▸ TO DO: Reproduce, exactly and in full, the lines from the one with "レディース ワンピース セットアップ" through the one with "2016年3月8日,我們迎來" in the data below; drop pictures.

▸ DATA FOR ANALYSIS:
==*==
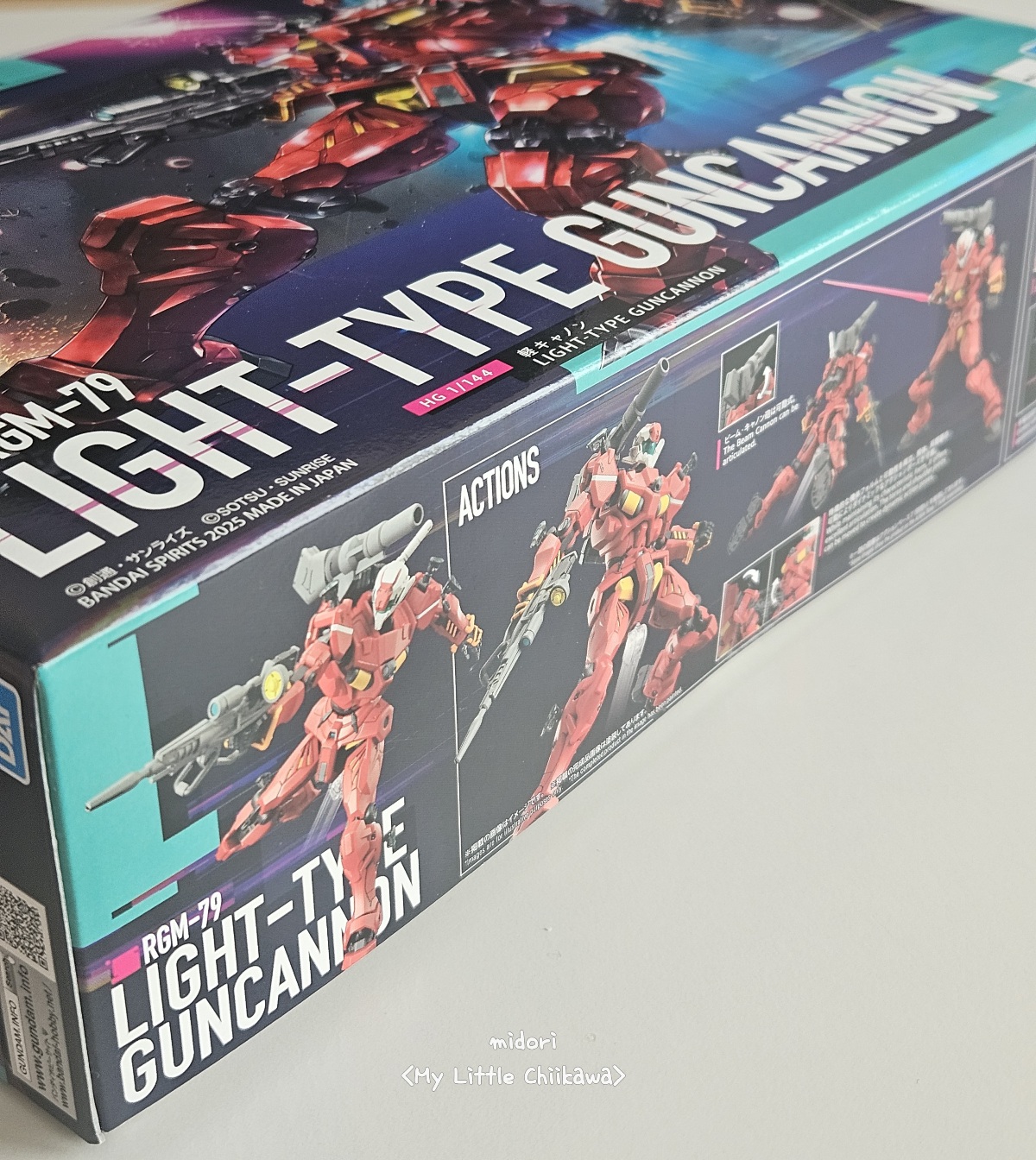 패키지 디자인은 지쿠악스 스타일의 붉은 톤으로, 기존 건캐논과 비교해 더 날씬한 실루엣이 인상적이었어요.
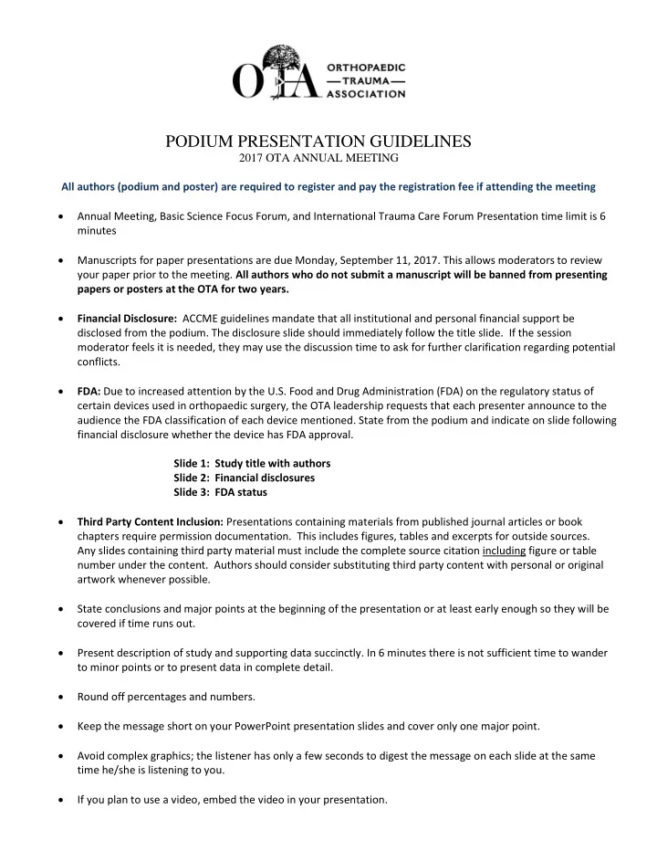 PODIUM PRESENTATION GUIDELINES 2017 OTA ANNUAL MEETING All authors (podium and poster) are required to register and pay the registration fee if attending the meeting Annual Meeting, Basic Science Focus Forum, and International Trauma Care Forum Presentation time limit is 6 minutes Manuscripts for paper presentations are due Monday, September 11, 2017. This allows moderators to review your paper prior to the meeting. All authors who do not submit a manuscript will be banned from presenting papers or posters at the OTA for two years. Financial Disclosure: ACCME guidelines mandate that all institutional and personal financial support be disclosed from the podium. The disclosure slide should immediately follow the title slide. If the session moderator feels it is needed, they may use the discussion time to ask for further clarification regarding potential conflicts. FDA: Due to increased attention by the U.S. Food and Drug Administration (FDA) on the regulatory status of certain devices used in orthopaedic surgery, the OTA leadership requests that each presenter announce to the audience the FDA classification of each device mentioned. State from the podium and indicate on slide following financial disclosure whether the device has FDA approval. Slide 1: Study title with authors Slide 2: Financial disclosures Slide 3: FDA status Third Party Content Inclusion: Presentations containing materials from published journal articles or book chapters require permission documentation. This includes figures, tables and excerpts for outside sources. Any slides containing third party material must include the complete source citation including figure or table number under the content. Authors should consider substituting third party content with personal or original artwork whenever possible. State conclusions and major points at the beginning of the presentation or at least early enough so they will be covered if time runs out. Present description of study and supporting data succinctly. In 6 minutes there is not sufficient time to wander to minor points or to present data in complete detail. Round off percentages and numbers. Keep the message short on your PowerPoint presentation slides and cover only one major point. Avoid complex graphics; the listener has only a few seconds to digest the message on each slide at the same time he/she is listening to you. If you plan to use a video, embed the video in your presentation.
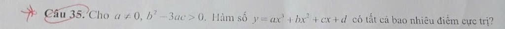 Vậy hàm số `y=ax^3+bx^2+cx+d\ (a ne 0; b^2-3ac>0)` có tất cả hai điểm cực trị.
==*==
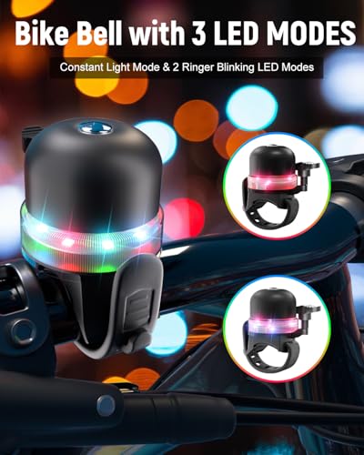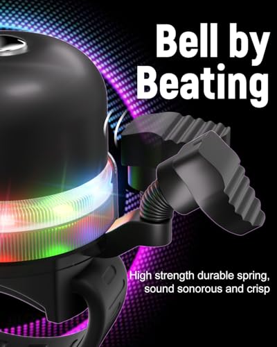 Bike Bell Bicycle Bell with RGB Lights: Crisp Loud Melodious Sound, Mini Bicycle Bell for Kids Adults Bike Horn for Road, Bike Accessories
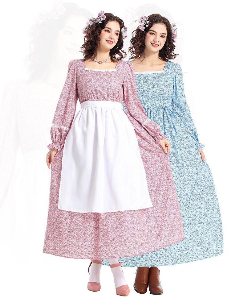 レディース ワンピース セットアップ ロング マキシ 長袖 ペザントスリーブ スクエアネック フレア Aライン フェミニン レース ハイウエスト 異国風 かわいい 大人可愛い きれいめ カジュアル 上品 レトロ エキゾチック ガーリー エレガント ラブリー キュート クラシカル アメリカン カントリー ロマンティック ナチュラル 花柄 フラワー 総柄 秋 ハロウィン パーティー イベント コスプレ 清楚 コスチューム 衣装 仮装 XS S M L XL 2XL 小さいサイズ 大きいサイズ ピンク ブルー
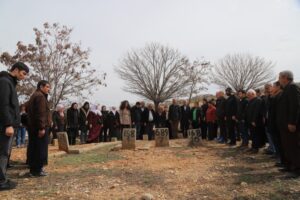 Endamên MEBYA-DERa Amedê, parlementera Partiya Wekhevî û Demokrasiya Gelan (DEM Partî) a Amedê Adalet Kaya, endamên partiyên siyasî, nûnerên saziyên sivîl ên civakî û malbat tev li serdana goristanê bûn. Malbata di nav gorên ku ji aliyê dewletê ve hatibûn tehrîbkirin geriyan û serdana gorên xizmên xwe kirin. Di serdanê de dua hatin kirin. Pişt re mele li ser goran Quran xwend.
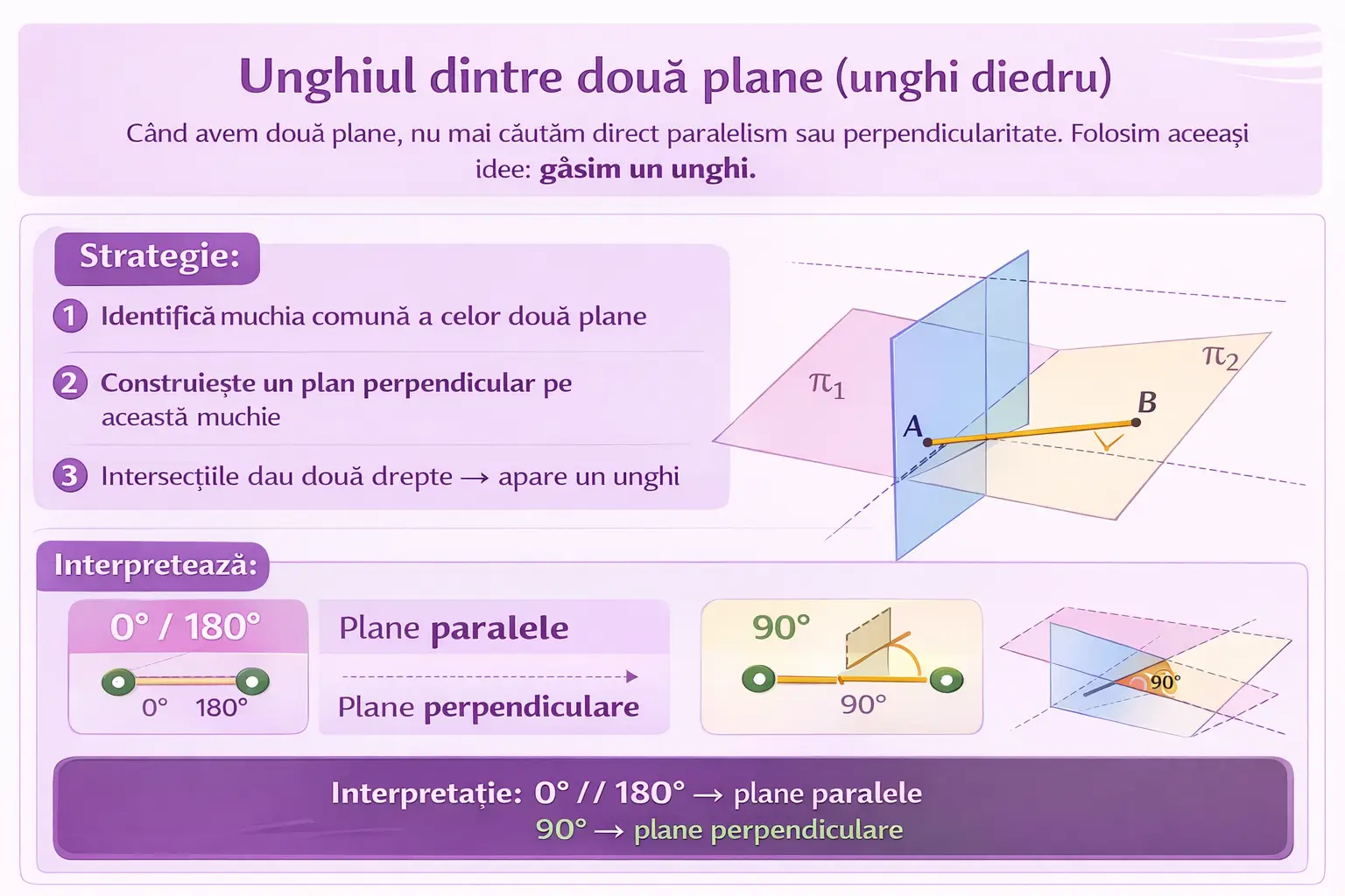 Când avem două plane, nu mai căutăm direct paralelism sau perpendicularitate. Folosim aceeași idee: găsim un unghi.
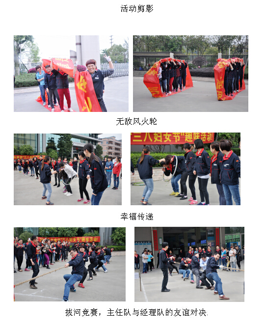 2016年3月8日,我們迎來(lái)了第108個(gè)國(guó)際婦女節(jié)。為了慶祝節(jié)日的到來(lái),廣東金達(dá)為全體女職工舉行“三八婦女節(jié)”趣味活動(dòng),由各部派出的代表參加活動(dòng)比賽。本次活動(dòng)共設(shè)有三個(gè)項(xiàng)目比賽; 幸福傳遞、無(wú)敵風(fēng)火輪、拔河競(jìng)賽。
==*==
▸ COMPLETED TASK:
 レディース ワンピース セットアップ ロング マキシ 長袖 ペザントスリーブ スクエアネック フレア Aライン フェミニン レース ハイウエスト 異国風 かわいい 大人可愛い きれいめ カジュアル 上品 レトロ エキゾチック ガーリー エレガント ラブリー キュート クラシカル アメリカン カントリー ロマンティック ナチュラル 花柄 フラワー 総柄 秋 ハロウィン パーティー イベント コスプレ 清楚 コスチューム 衣装 仮装 XS S M L XL 2XL 小さいサイズ 大きいサイズ ピンク ブルー
 Endamên MEBYA-DERa Amedê, parlementera Partiya Wekhevî û Demokrasiya Gelan (DEM Partî) a Amedê Adalet Kaya, endamên partiyên siyasî, nûnerên saziyên sivîl ên civakî û malbat tev li serdana goristanê bûn. Malbata di nav gorên ku ji aliyê dewletê ve hatibûn tehrîbkirin geriyan û serdana gorên xizmên xwe kirin. Di serdanê de dua hatin kirin. Pişt re mele li ser goran Quran xwend.
 Când avem două plane, nu mai căutăm direct paralelism sau perpendicularitate. Folosim aceeași idee: găsim un unghi.
 2016年3月8日,我們迎來(lái)了第108個(gè)國(guó)際婦女節(jié)。為了慶祝節(jié)日的到來(lái),廣東金達(dá)為全體女職工舉行“三八婦女節(jié)”趣味活動(dòng),由各部派出的代表參加活動(dòng)比賽。本次活動(dòng)共設(shè)有三個(gè)項(xiàng)目比賽; 幸福傳遞、無(wú)敵風(fēng)火輪、拔河競(jìng)賽。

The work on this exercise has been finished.